For the most part, these two cards operate from an identical feature foundation. Both support DirectX 12 Ultimate and ray tracing, meaning neither cuts corners on modern rendering capabilities — DX12 Ultimate specifically guarantees hardware-level support for ray tracing, variable rate shading, and mesh shaders, so both cards are fully equipped for current and near-future game engines. The shared support for FSR4 (AMD's latest upscaling generation) is equally significant: FSR4 brings improved image reconstruction that can meaningfully boost frame rates with minimal visual quality loss, and neither card has an edge here since both include it. Neither supports DLSS, which is expected given these are AMD products.
AMD SAM (Smart Access Memory) is present on both cards, which allows a compatible AMD or supported Intel CPU to access the full VRAM pool rather than a limited 256MB window — a feature that can provide a measurable frame rate uplift in SAM-optimized titles. Both cards also top out at 4 supported displays, making them equally capable for multi-monitor productivity or gaming setups.

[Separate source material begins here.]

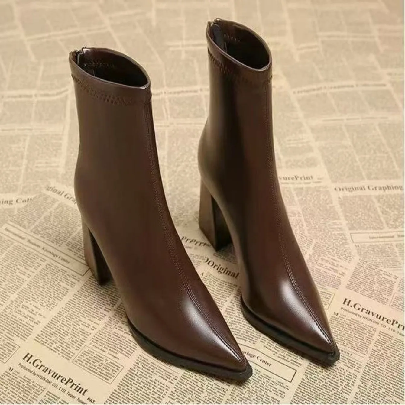 Women Elegant Outdoor Fashion Pointed Toe Boots New Retro Comfortable Ankle Boots High Heels Dress Shoes Women Zapatos De Mujer

The only concrete differentiator in this group is RGB lighting: the Asus TUF RX 9070 OC includes it, while the Sapphire Pulse RX 9070 XT does not. Whether this registers as an advantage depends entirely on the buyer — for those building an aesthetically coordinated system, the Asus TUF holds a minor edge; for those indifferent to lighting, it is irrelevant. Functionally, the two cards are tied across every meaningful feature, and neither holds a software or API capability lead over the other.